The last question is about cybersecurity insurance. A lot of CISOs, CIOs and CTOs are being forced to buy cybersecurity insurance and it pisses them off. They don’t like the cybersecurity insurance because they feel that it’s bad insurance and has a lot of escape hatches. How can they turn this process from something that’s annoying and feels like a waste of money to one that’s actually productive?

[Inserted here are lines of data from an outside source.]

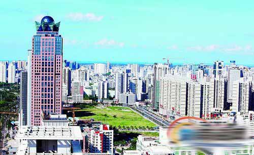 矗立在海口滨海大道的天邑国际大厦(左侧最高楼)高198米(图片来源:海南日报)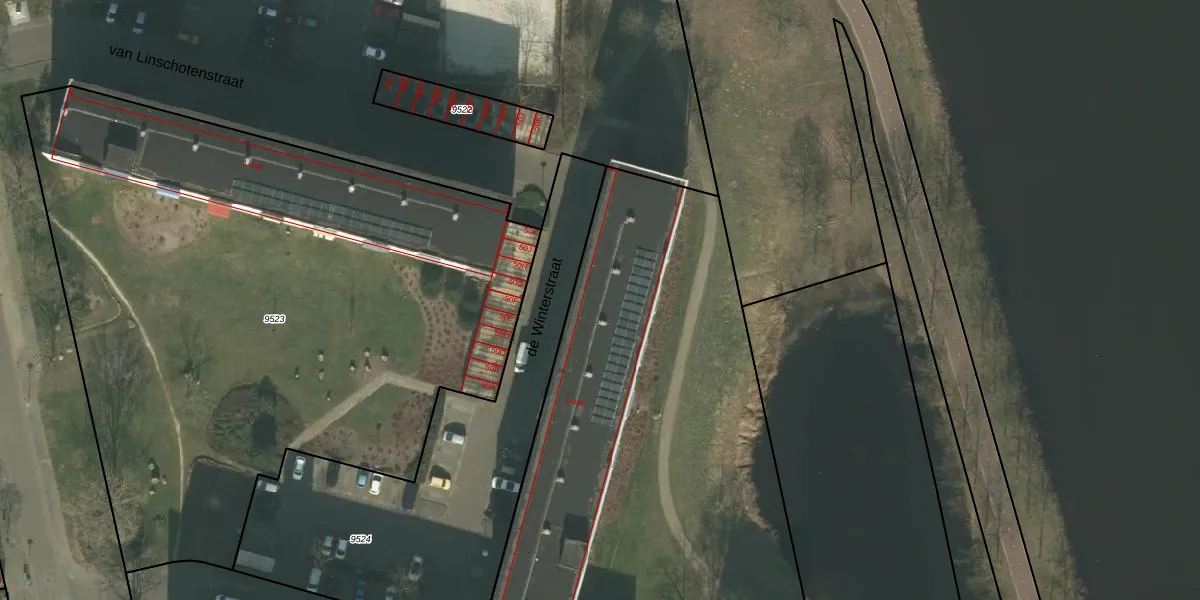 Het perceel waarop de Winterstraat 14 staat heeft een oppervlakte van 1,0 ha. Dit is een zeer groot perceel. De perceeloppervlakte wordt geregistreerd door het Kadaster. Gedetailleerde informatie over de maten van dit perceel kunt u vinden in het rapport Kadastrale kaart met maatvoering van de Winterstraat 14.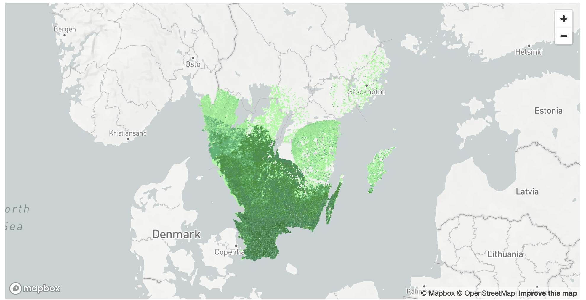 Now you can load data from Bok_andel.tif. Run the query below to reduce the size of the initial file to 500 million points and ignore points where the band value equals zero.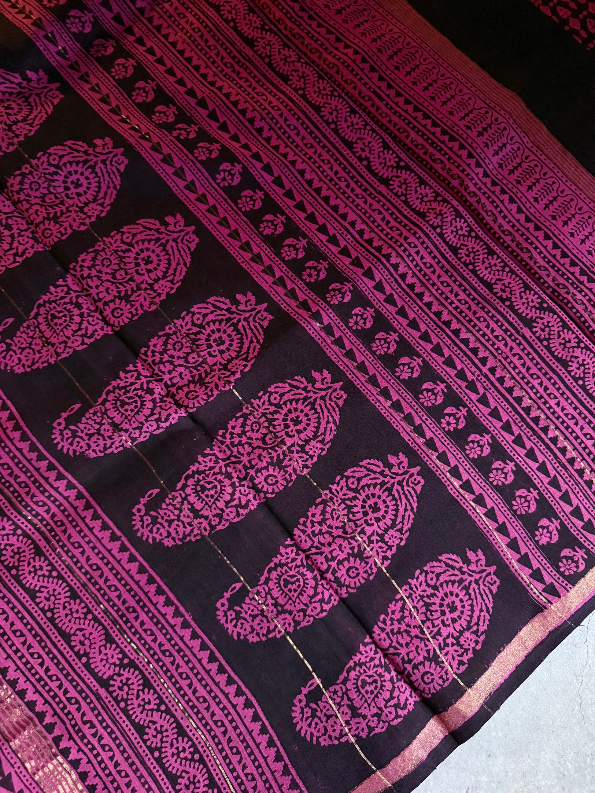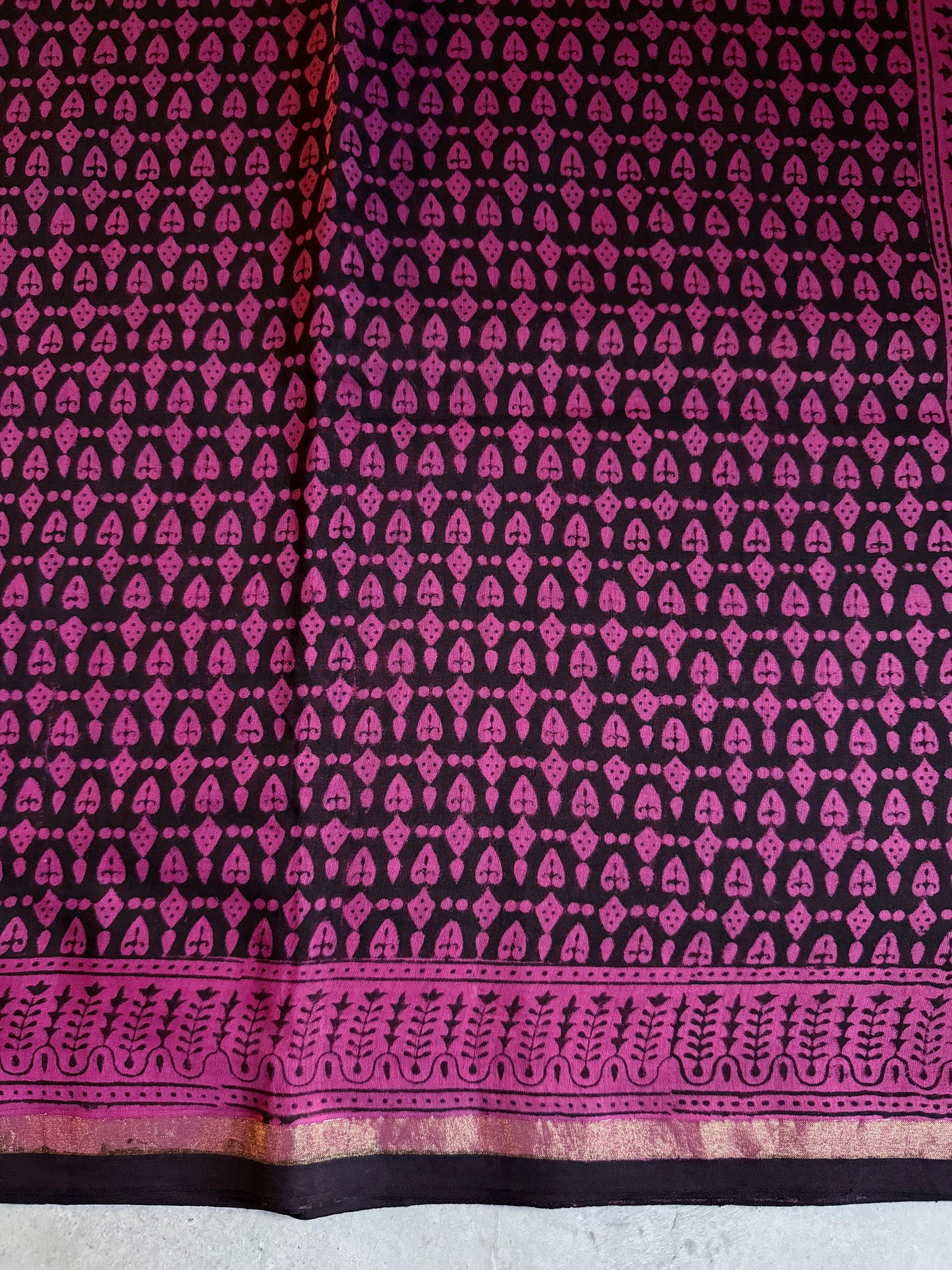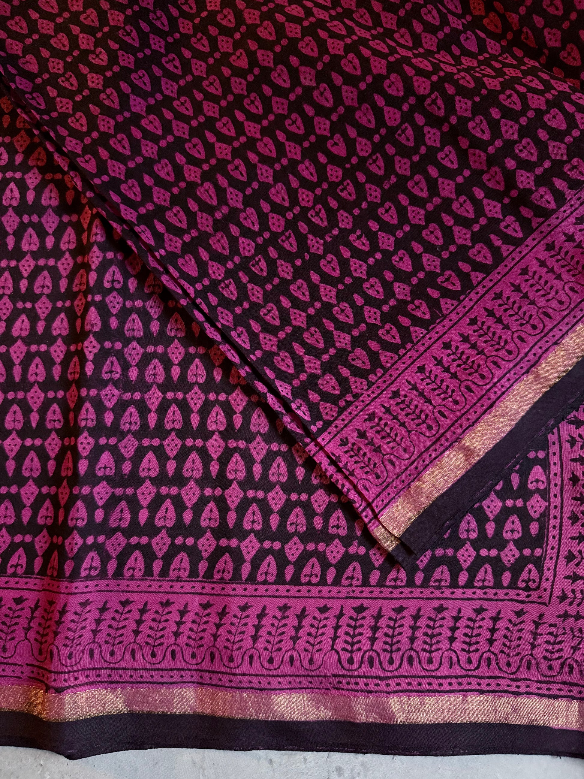 Kumudavalli | Pink and Black Bhag Printed Chanderi Saree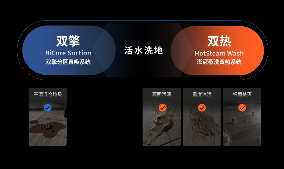 01、全球首创双擎双热活水洗地,直击四大长期顽疾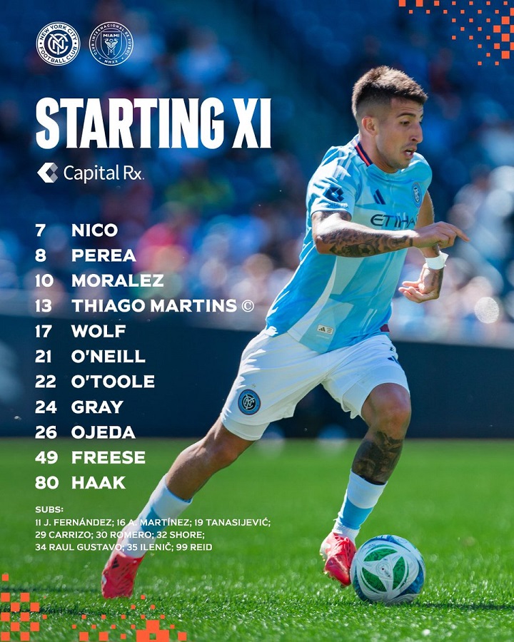 New York City: Matt Freese; Tayvon Gray, Kevin O'Toole, Thiago Martins, Raul Bicalho; Justin Haak, Andrés Perea; Nicolas Fernandez, Maximiliano Moralez, Hannes Wolf; Alonso Martinez

Dave Weinstein at Claroty and I recently wrote an op-ed together about this very issue and how we’re seeing courts actually set the standards for what constitutes an act of war in cyberspace, as we’re watching what’s happening with the NotPetya lawsuits going on out there. You make a good point which is how can CISOs and CIOs turn insurance to their advantage? Insurance employees are going to come in, they’re going to want to assess your cybersecurity capabilities. Normally, you’re thinking, “Man, this is the worst thing. I don’t want these guys coming in and telling me what I need to do better.” But this is an opportunity for you to say, “Okay, where can we improve and let’s buy some coverage,” assuming that the coverage actually works. If you can identify where your vulnerabilities are and buy the insurance targeted to address those areas but then get better and build your capabilities, you can reduce your premiums, increase your limits, and make it more likely that if and when you have to collect that policy you’re going to get paid.